*TASK TO COMPLETE*
Output every line below exactly, please, omitting pictures.

○ ○ ○

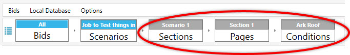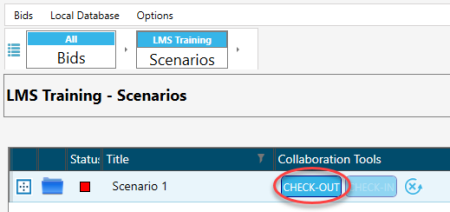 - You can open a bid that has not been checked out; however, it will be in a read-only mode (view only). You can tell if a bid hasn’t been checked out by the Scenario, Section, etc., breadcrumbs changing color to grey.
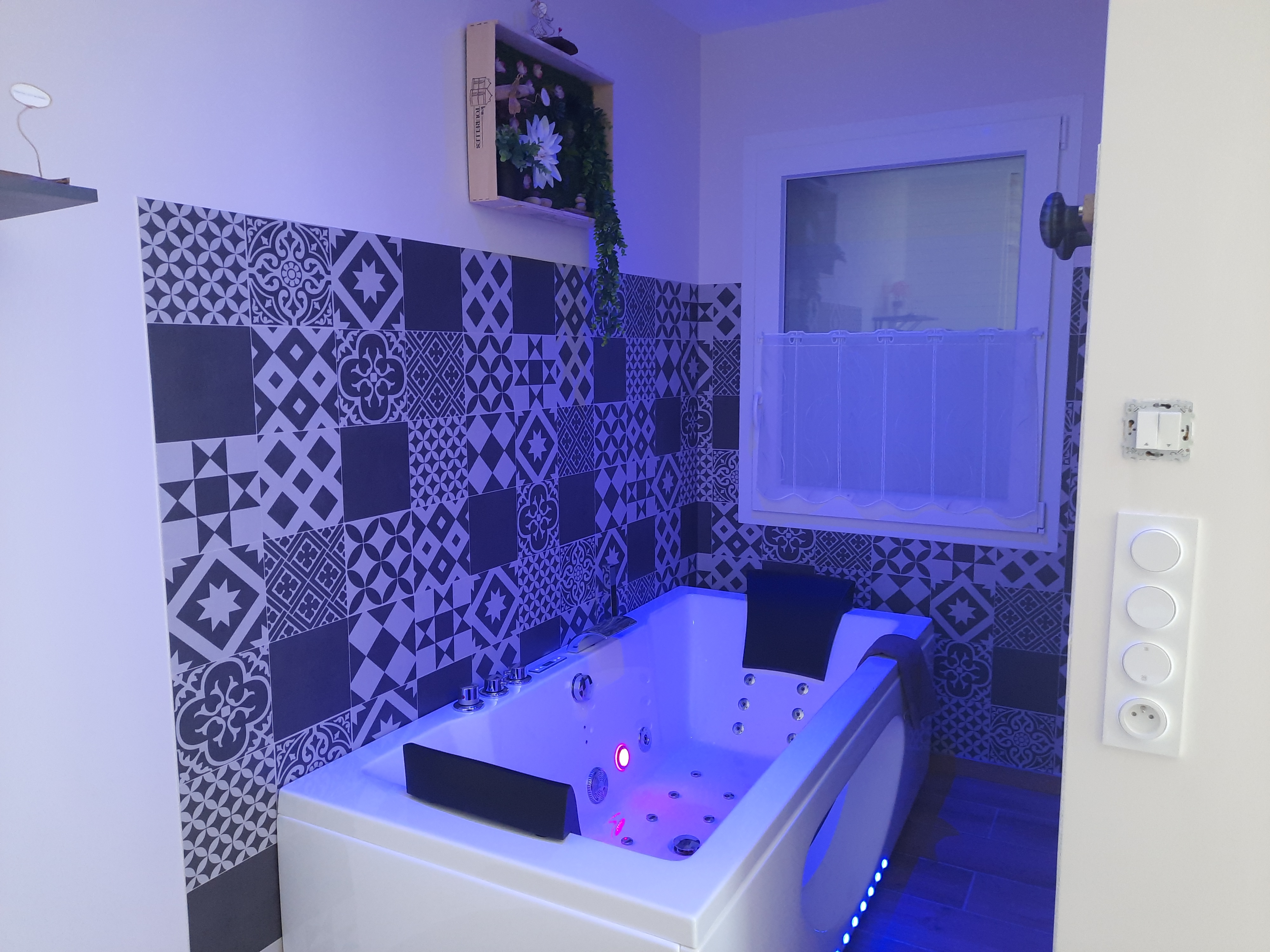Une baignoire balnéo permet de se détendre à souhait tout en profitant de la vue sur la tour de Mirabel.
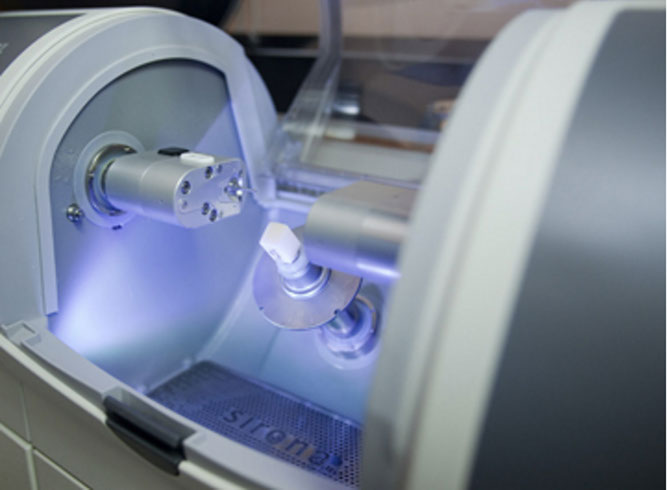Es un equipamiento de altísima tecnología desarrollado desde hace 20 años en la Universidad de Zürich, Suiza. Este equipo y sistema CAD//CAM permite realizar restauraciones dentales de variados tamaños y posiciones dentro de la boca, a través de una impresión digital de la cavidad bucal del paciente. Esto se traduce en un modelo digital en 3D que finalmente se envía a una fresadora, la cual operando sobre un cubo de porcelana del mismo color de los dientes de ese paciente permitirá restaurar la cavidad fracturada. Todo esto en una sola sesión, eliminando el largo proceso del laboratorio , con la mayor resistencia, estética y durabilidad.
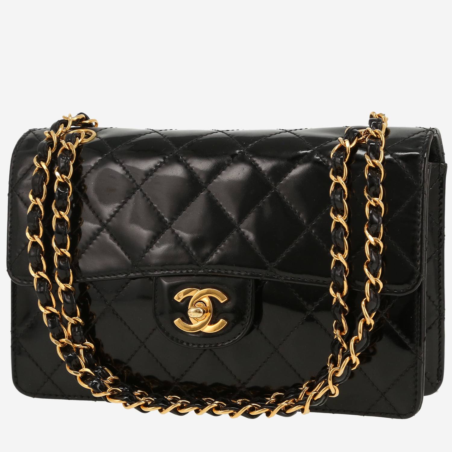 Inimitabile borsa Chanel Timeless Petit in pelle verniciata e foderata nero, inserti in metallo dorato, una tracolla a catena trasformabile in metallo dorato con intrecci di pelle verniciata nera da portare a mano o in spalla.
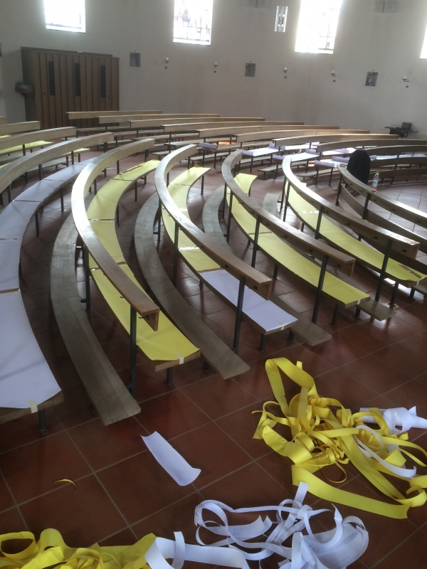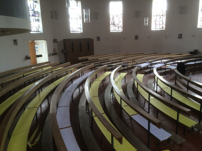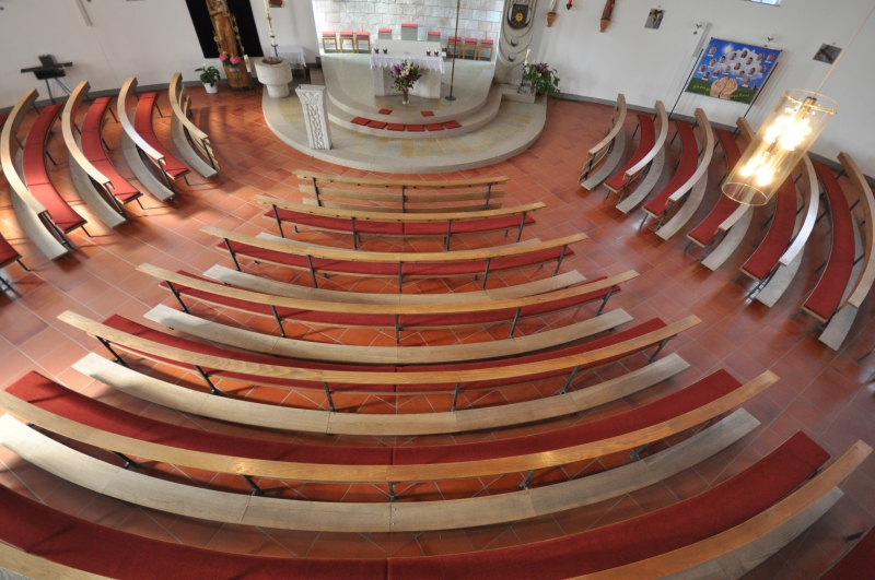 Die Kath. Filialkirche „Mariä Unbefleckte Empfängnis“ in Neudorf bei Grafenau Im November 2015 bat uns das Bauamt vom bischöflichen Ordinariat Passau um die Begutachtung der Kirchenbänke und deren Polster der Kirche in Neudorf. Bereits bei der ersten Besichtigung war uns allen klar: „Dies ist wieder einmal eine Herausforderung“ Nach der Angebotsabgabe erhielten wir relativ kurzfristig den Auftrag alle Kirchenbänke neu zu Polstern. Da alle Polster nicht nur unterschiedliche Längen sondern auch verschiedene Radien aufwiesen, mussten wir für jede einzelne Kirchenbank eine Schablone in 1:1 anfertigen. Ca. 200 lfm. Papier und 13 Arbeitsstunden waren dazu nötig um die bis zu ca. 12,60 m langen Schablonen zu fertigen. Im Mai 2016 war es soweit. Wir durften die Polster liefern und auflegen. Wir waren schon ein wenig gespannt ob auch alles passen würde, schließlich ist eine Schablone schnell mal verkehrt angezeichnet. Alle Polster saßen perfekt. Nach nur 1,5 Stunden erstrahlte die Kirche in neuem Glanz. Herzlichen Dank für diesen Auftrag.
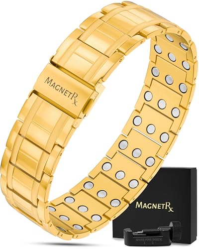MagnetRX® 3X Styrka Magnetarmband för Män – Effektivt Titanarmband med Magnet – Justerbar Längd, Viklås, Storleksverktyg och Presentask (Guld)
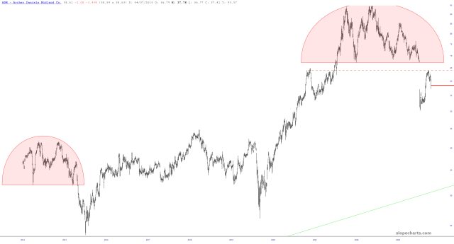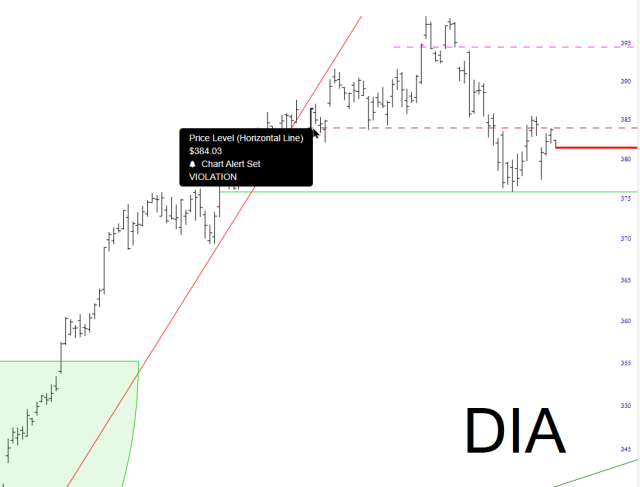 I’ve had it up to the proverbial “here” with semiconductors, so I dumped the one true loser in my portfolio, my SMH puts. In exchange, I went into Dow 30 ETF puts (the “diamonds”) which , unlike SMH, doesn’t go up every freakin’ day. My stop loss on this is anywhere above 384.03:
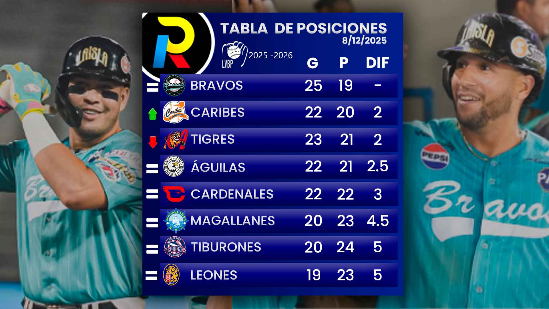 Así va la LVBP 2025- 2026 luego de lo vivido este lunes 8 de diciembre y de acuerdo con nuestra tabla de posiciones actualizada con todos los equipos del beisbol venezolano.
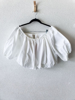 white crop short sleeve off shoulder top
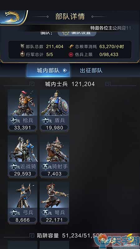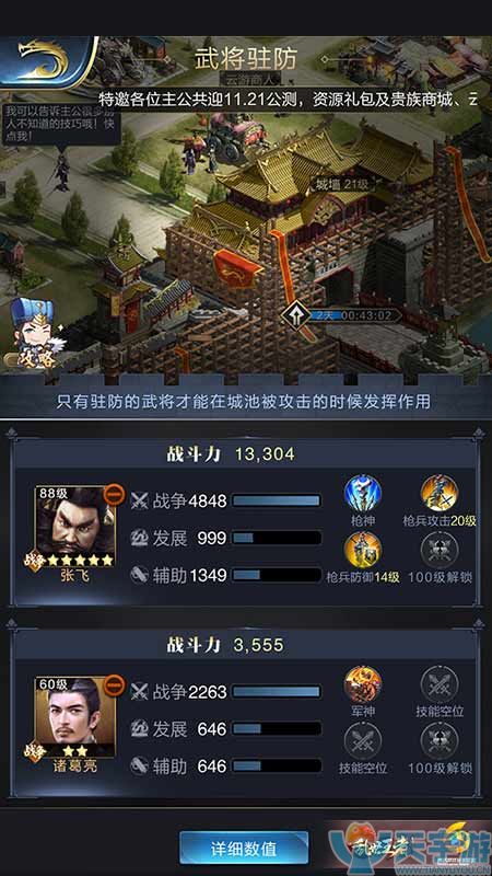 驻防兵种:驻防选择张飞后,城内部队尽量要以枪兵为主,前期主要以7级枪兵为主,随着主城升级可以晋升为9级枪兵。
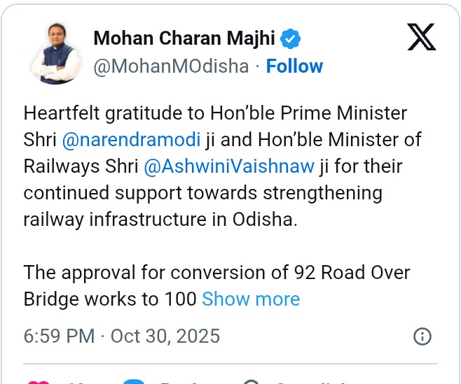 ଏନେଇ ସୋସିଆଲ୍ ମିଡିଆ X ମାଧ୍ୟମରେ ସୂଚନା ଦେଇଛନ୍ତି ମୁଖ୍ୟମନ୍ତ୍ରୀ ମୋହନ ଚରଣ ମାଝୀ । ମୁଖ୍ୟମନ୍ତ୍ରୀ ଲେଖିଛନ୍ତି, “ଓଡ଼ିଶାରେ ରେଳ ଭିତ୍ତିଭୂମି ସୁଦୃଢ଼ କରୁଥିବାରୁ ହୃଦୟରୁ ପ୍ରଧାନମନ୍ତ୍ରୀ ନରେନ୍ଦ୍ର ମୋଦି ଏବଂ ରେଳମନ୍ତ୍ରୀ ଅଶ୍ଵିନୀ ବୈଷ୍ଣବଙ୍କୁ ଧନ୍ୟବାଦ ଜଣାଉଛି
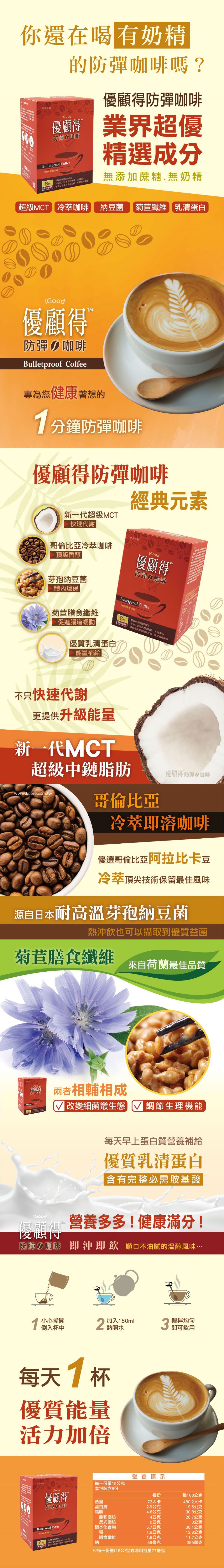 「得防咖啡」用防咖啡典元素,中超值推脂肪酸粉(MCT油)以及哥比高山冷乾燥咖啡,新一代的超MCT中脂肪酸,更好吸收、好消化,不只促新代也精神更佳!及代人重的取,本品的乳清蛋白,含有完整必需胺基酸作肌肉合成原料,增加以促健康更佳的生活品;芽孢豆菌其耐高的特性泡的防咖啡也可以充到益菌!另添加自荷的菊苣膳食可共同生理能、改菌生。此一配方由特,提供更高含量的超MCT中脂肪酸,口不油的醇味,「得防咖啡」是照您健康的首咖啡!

○ ○ ○

*WRITTEN ANSWER*
 - You can open a bid that has not been checked out; however, it will be in a read-only mode (view only). You can tell if a bid hasn’t been checked out by the Scenario, Section, etc., breadcrumbs changing color to grey.
Une baignoire balnéo permet de se détendre à souhait tout en profitant de la vue sur la tour de Mirabel.
Es un equipamiento de altísima tecnología desarrollado desde hace 20 años en la Universidad de Zürich, Suiza. Este equipo y sistema CAD//CAM permite realizar restauraciones dentales de variados tamaños y posiciones dentro de la boca, a través de una impresión digital de la cavidad bucal del paciente. Esto se traduce en un modelo digital en 3D que finalmente se envía a una fresadora, la cual operando sobre un cubo de porcelana del mismo color de los dientes de ese paciente permitirá restaurar la cavidad fracturada. Todo esto en una sola sesión, eliminando el largo proceso del laboratorio , con la mayor resistencia, estética y durabilidad.
 Inimitabile borsa Chanel Timeless Petit in pelle verniciata e foderata nero, inserti in metallo dorato, una tracolla a catena trasformabile in metallo dorato con intrecci di pelle verniciata nera da portare a mano o in spalla.
 Die Kath. Filialkirche „Mariä Unbefleckte Empfängnis“ in Neudorf bei Grafenau Im November 2015 bat uns das Bauamt vom bischöflichen Ordinariat Passau um die Begutachtung der Kirchenbänke und deren Polster der Kirche in Neudorf. Bereits bei der ersten Besichtigung war uns allen klar: „Dies ist wieder einmal eine Herausforderung“ Nach der Angebotsabgabe erhielten wir relativ kurzfristig den Auftrag alle Kirchenbänke neu zu Polstern. Da alle Polster nicht nur unterschiedliche Längen sondern auch verschiedene Radien aufwiesen, mussten wir für jede einzelne Kirchenbank eine Schablone in 1:1 anfertigen. Ca. 200 lfm. Papier und 13 Arbeitsstunden waren dazu nötig um die bis zu ca. 12,60 m langen Schablonen zu fertigen. Im Mai 2016 war es soweit. Wir durften die Polster liefern und auflegen. Wir waren schon ein wenig gespannt ob auch alles passen würde, schließlich ist eine Schablone schnell mal verkehrt angezeichnet. Alle Polster saßen perfekt. Nach nur 1,5 Stunden erstrahlte die Kirche in neuem Glanz. Herzlichen Dank für diesen Auftrag.
MagnetRX® 3X Styrka Magnetarmband för Män – Effektivt Titanarmband med Magnet – Justerbar Längd, Viklås, Storleksverktyg och Presentask (Guld)
 I’ve had it up to the proverbial “here” with semiconductors, so I dumped the one true loser in my portfolio, my SMH puts. In exchange, I went into Dow 30 ETF puts (the “diamonds”) which , unlike SMH, doesn’t go up every freakin’ day. My stop loss on this is anywhere above 384.03:
 Así va la LVBP 2025- 2026 luego de lo vivido este lunes 8 de diciembre y de acuerdo con nuestra tabla de posiciones actualizada con todos los equipos del beisbol venezolano.
 white crop short sleeve off shoulder top
 驻防兵种:驻防选择张飞后,城内部队尽量要以枪兵为主,前期主要以7级枪兵为主,随着主城升级可以晋升为9级枪兵。
 ଏନେଇ ସୋସିଆଲ୍ ମିଡିଆ X ମାଧ୍ୟମରେ ସୂଚନା ଦେଇଛନ୍ତି ମୁଖ୍ୟମନ୍ତ୍ରୀ ମୋହନ ଚରଣ ମାଝୀ । ମୁଖ୍ୟମନ୍ତ୍ରୀ ଲେଖିଛନ୍ତି, “ଓଡ଼ିଶାରେ ରେଳ ଭିତ୍ତିଭୂମି ସୁଦୃଢ଼ କରୁଥିବାରୁ ହୃଦୟରୁ ପ୍ରଧାନମନ୍ତ୍ରୀ ନରେନ୍ଦ୍ର ମୋଦି ଏବଂ ରେଳମନ୍ତ୍ରୀ ଅଶ୍ଵିନୀ ବୈଷ୍ଣବଙ୍କୁ ଧନ୍ୟବାଦ ଜଣାଉଛି
 「得防咖啡」用防咖啡典元素,中超值推脂肪酸粉(MCT油)以及哥比高山冷乾燥咖啡,新一代的超MCT中脂肪酸,更好吸收、好消化,不只促新代也精神更佳!及代人重的取,本品的乳清蛋白,含有完整必需胺基酸作肌肉合成原料,增加以促健康更佳的生活品;芽孢豆菌其耐高的特性泡的防咖啡也可以充到益菌!另添加自荷的菊苣膳食可共同生理能、改菌生。此一配方由特,提供更高含量的超MCT中脂肪酸,口不油的醇味,「得防咖啡」是照您健康的首咖啡!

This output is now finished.